Bug 7746

Summary: Mail::SPF returns apparently defunct explanation URL for SPF failures
Product: Spamassassin Reporter: John Hardin <jhardin>
Component: PluginsAssignee: SpamAssassin Developer Mailing List <dev>
Status: NEW ---    
Severity: normal CC: brian, jhardin
Priority: P2    
Version: SVN Trunk (Latest Devel Version)   
Target Milestone: Undefined   
Hardware: PC   
OS: Linux   
Whiteboard:

Description John Hardin 2019-08-23 18:12:59 UTC
When SPF fails, the generated SA rule hit header contains a URL for explaining the rejection, for example:

SPF_FAIL SPF: sender does not match SPF record (fail)
    *      [SPF failed: Please see
    http://www.openspf.net/Why?s=mfrom;id=wondersofalaska%40teesfortogo.com;ip=216.194.119.194;r=ga.impsec.org]

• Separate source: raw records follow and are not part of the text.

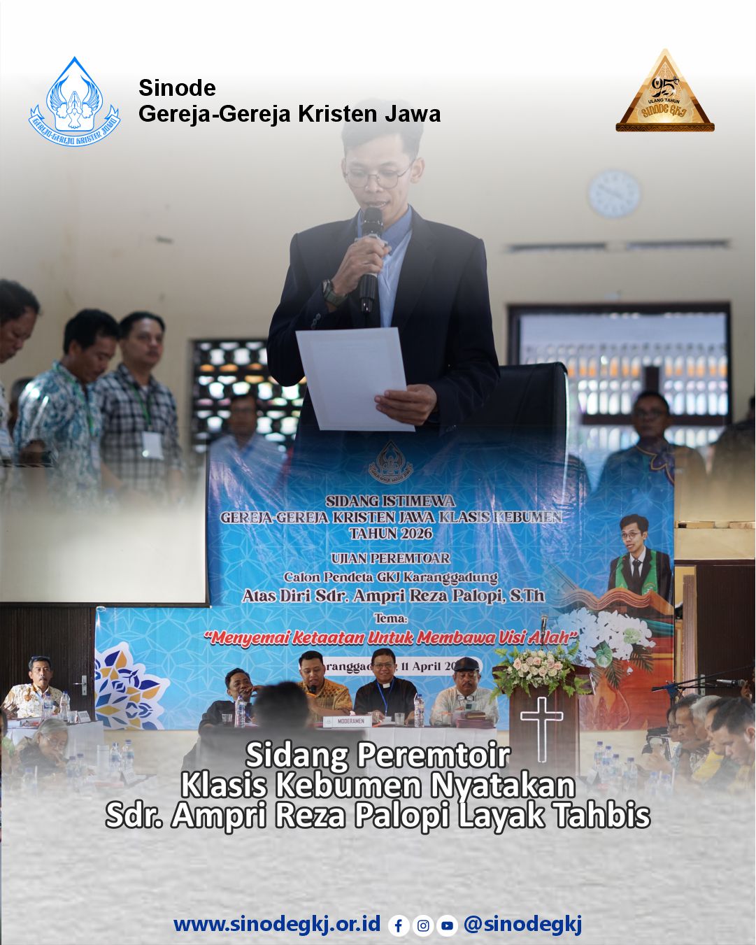 Calon Pendeta GKJ Karanggadung Dinyatakan Layak TahbisKEBUMEN – Suasana khidmat menyelimuti GKJ Karanggadung pada Sabtu (11/4/2026), saat Klasis Kebumen menggelar Sidang Istimewa Ujian Kependetaan (Peremtoir) bagi Sdr. Ampri Reza Palopi, S.Th.Rangkaian kegiatan diawali dengan ibadah pembukaan yang dipimpin Pdt. Erni Ratna Yunita, M.Si. Dalam khotbahnya berdasarkan 1 Korintus 3:7-13, ia menegaskan bahwa inti pelayanan bukan terletak pada siapa yang bekerja, melainkan pada Tuhan yang memberi pertumbuhan. “Tugas gereja adalah setia mengerjakan bagiannya, sementara pertumbuhan adalah karya Allah,” pesannya.Kebersamaan terasa dalam sesi sambutan. Kepala Desa Karanggadung, Bp. Sakimin, menegaskan komitmen pemerintah desa untuk menjaga keterbukaan dan mendukung kehidupan beragama. Sejumlah tokoh gereja juga menyampaikan sambutan, di antaranya Ketua Majelis GKJ Karanggadung Pnt. Sujiman, Visitator Sinode GKJ Pdt. Udin Firman Hidayat, S.Si.Teol.,M.Pd, perwakilan Bapelklas Kebumen Pdt. Dadang Andi Sasanto, S.Th., serta mewakili klasis tetangga yaitu utusan Klasis Banyumas Selatan, Pdt. Chrisma Okta Wulandari.Memasuki agenda inti, sidang memilih moderamen yang akan memimpin jalannya persidangan. Terpilih Pdt. Prima Adicahyo, S.Si. (Ketua I), Pdt. Andreas Sapto Edi, S.Si. (Ketua II), Pdt. Sarwanti, S.Si. (Sekretaris I), dan Pdt. Andreas Restu Priyatama, S.Th. (Sekretaris II).Dalam ujian, Sdr. Ampri Reza Palopi, S.Th. diuji secara komprehensif menggunakan model parsial, meliputi materi khotbah, Pokok-Pokok Ajaran GKJ, Tata Gereja dan Tata Laksana, serta Sejarah Gereja. Pada sesi khotbah, ia mengangkat tema “Menyemai Ketaatan untuk Membawa Visi Allah” dari Yeremia 29:1-11.Setelah melalui proses pengujian yang mendalam, sidang secara resmi menyatakan Sdr. Ampri Reza Palopi, S.Th. layak tahbis. Ia selanjutnya akan menjalani masa vikariat sekurang-kurangnya satu tahun sesuai ketentuan Pedoman Pemanggilan Pendeta yang lama.Seluruh rangkaian kegiatan ditutup dengan ibadah penutup yang dipimpin Visitator Sinode, Pdt. Aris Khristian Widodo, S.Si. Ibadah ini menjadi ungkapan syukur atas hadirnya calon pelayan firman yang siap dibentuk dan diutus melayani di Klasis Kebumen.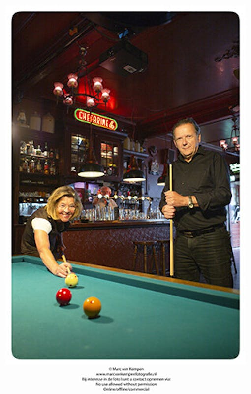 Melita: “Ja, ik wilde Nijmegen en zijn inwoners beter leren kennen. En de sfeer in ’t Haantje, met dat mooie biljart, sprak mij bijzonder aan. Dat biljarten uit mijn jeugd kwam weer boven drijven en ik besloot destijds een oproep in de Wijkkrant te plaatsen voor een biljartmaatje. Na een paar weken kreeg ik zowaar een reactie: Harm (zie foto) reageerde en toen hebben we in ’t Haantje afgesproken. Spannend. Ik kwam daar op het afgesproken tijdstip en iemand stond al klaar bij het biljart, dus ik dacht: ‘Dat zal ‘m wel zijn’. Hij gooide de muntjes er in en zei vriendelijk: ‘Nou, begin maar.’ Om kort te gaan, we hebben de afgelopen jaren vele uurtjes in ’t Haantje doorgebracht. Aanvankelijk nog een keer per maand. Nu hebben we al tijden een vaste wekelijkse afspraak in ‘t Haantje. En nu is mijn gemiddelde al rond de één!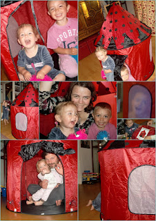 Och måånga paket hade de med sig. Och Molly blev så överlycklig över vartendaste ett. Det skrattades högt och hon skulle visa alla vad hon hade fått! Pippi och gänget, Pippi-film, drake som ryter, söta, smutsiga hundar som kan tvättas, massvis med plastfrukter och grönsaker, plastbestick, dockstol, dockskötväska, dockpotta och fina kläder. Jag har säkert glömt något men Molly var helnöjd! :-)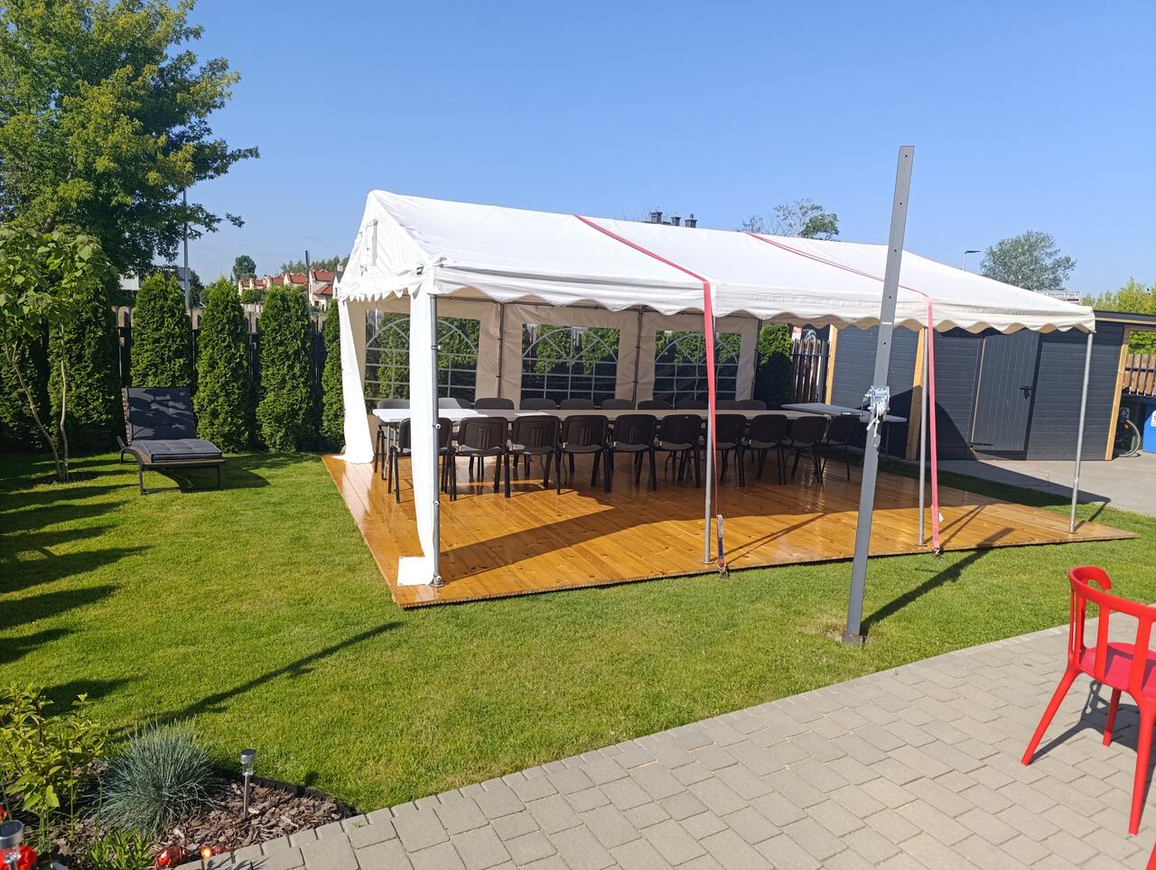 Dbamy o wygodę i estetykę – dlatego oprócz namiotów oferujemy również krzesła, stoły, oświetlenie, grille, warniki, sztuczną trawę, agregaty prądotwórcze, obrusy, zestawy piwne, pokrowce na krzesła oraz drewnianą podłogę.
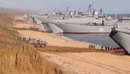 Imaginile date publicității de către Ministerul Apărării de la Moscova arată cum mai multe tancuri sunt încărcate pe navele de desant aflate pe coastele Crimeei și soldați care încarcă pe nave vehicule de transport blindate.Ministrul rus al Apărării, Serghei Șoigu, anunța joi că trupele deplasate în Vestul și Sudul Rusiei au trecut o serie de teste și scopul acestor manevre a fost obținut.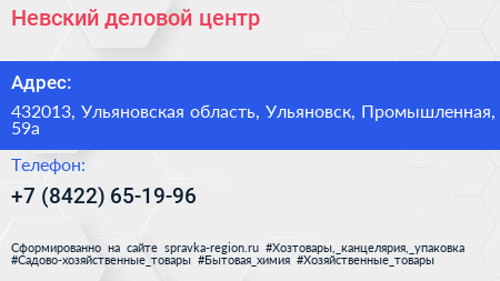 Невский, деловой центр по адресу 432013, Ульяновская область, Ульяновск, Промышленная, 59а в дальнейшем Организация, размещена в следующих категориях:
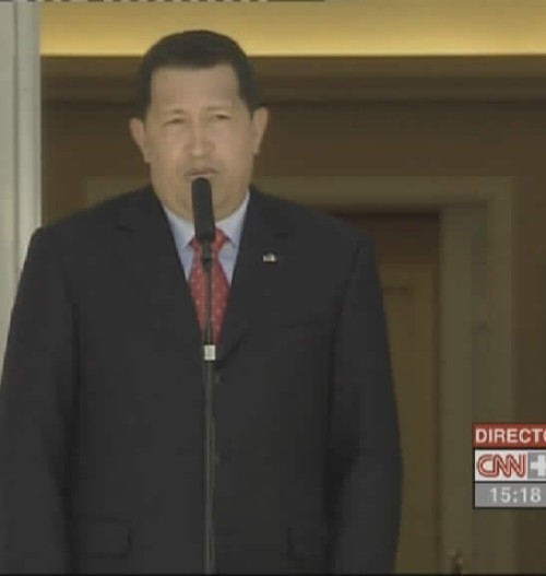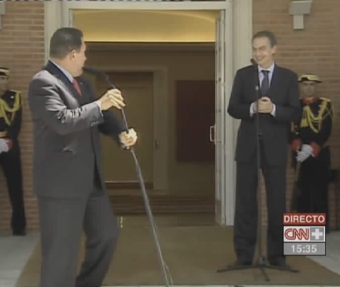 Hugo Chávez bromea con los periodistas sobre el calor de Madrid, y trata de acercarse al sol. Zapatero mira perplejo la bufonada del presidente venezolano.
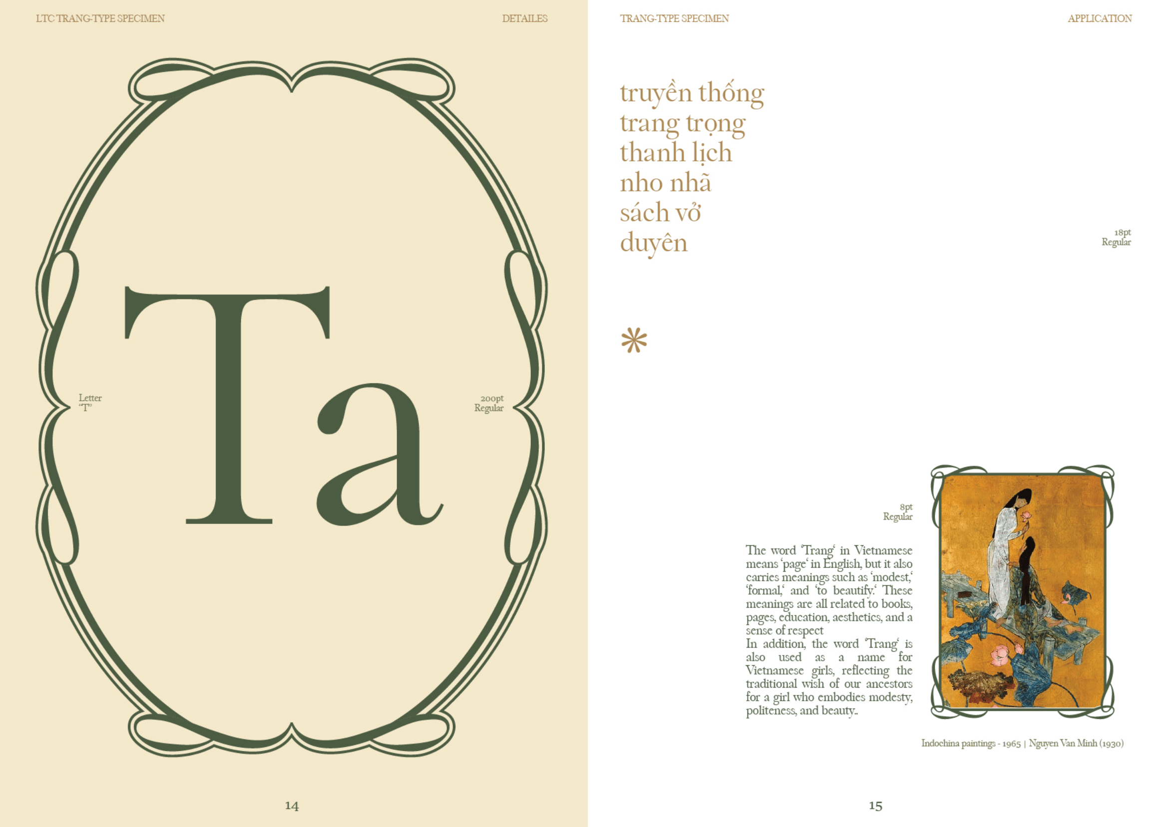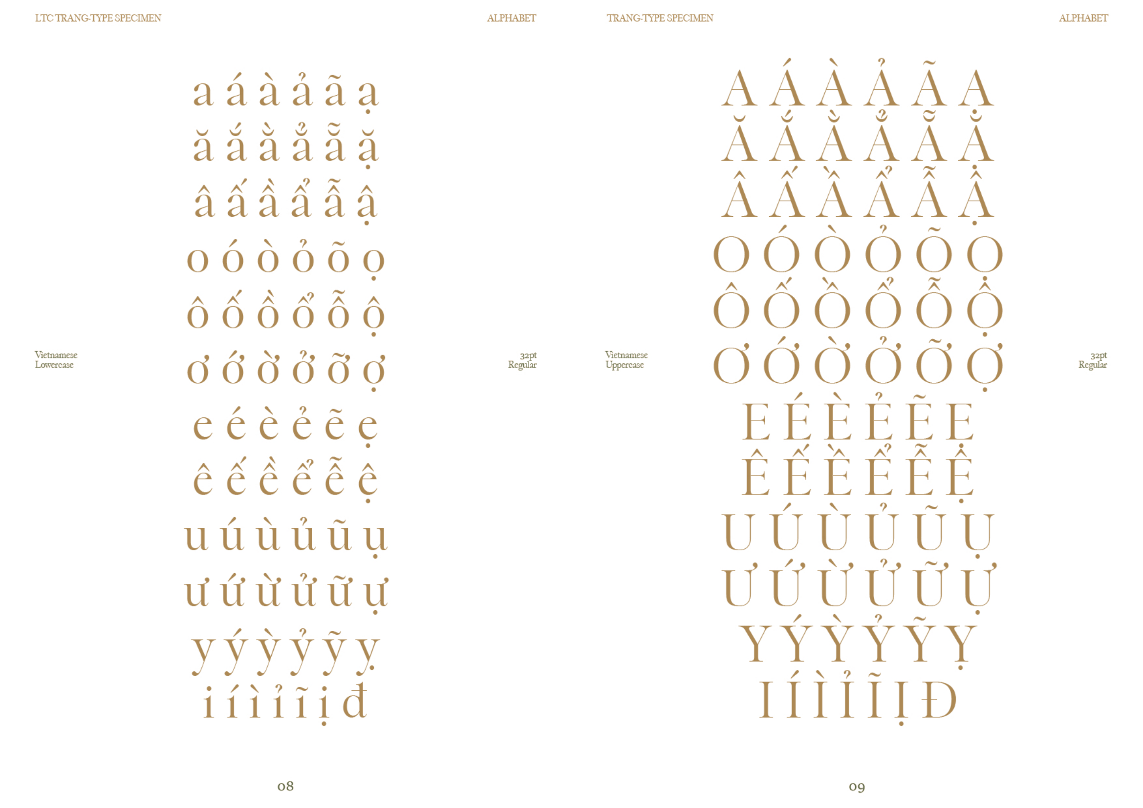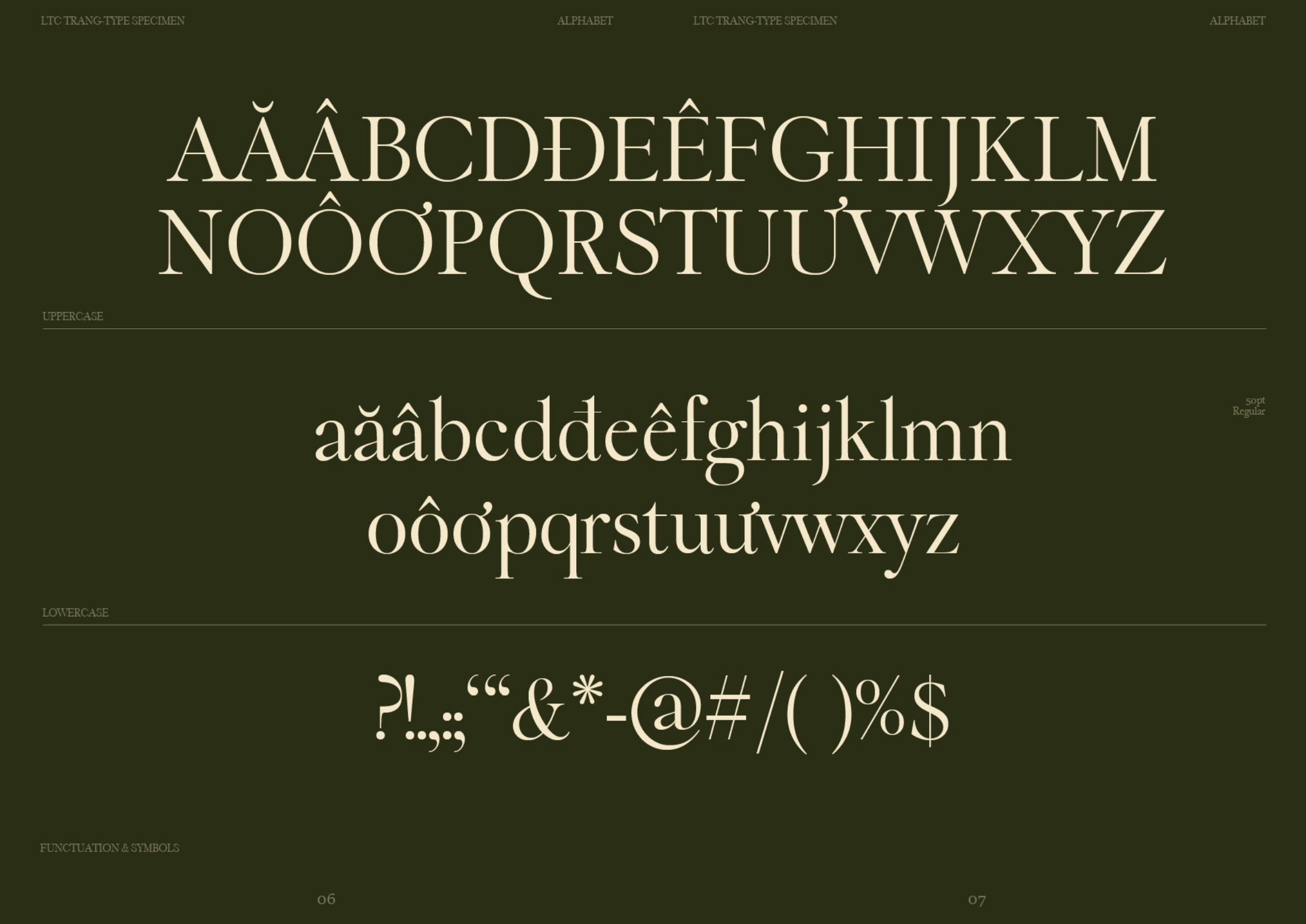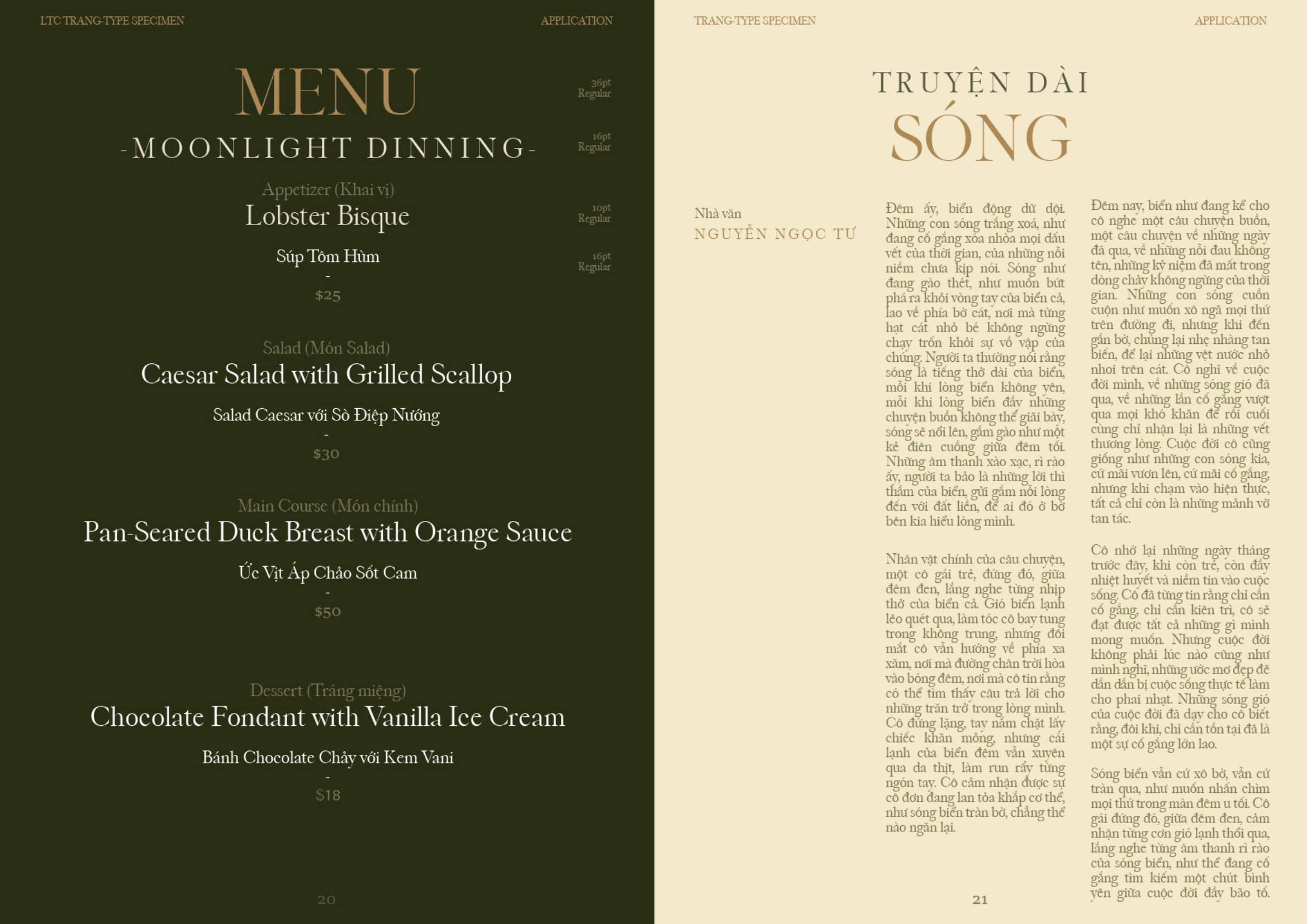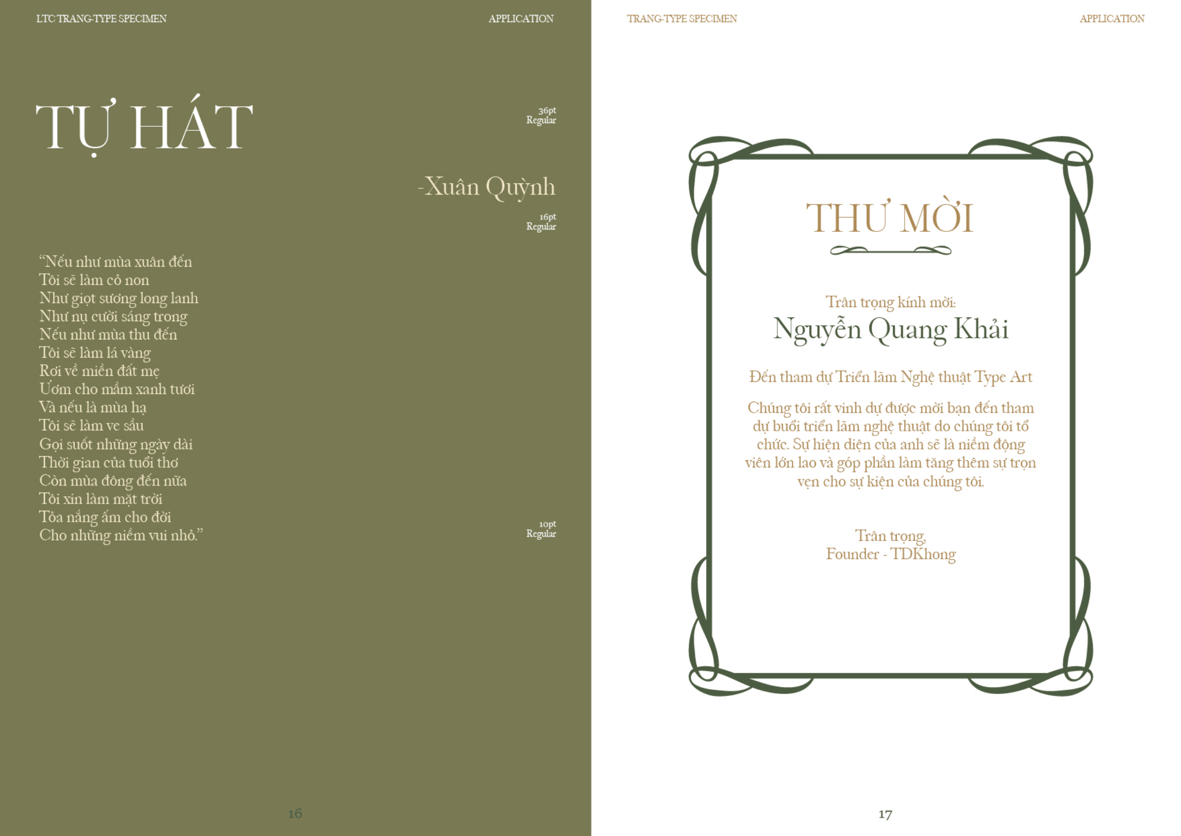 Về LTC Trang: LTC Trang thuộc dòng Old Style Serif, cắp sách học theo đại diện tiêu biểu nhất là Granjon của Linotype. LTC Trang có vóc dáng thanh mảnh, yêu kiều phù hợp cả tiêu đề và văn bản dài.

The openspf.net (and openspf.org) websites appear to be having long-term reachability issues and may be defunct, so this URL isn't currently very useful.

If openspf.net *is* defunct, we should provide an analysis URL that works, or not provide it at all.

The URL is currently the default as provided by Mail::SPF (which is fairly old now). It is possible to override it - see https://metacpan.org/pod/Mail::SPF::Server

An upstream bug should probably be filed with CPAN to get the default fixed, but that doesn't help current SA installs, so we should probably override anyway.
Comment 2 Brian Kendig 2021-08-06 14:36:43 UTC
It looks like openspf.org has been replaced by open-spf.org, which does have a "Why" page in place: http://www.openspf.org/Why

If this is a legitimate site, then all that needs to be done is to add a dash to the URL that SpamAssassin displays.

Otherwise, the "Please see" URL should be removed from the descriptions of SPF_FAIL and SPF_HELO_FAIL.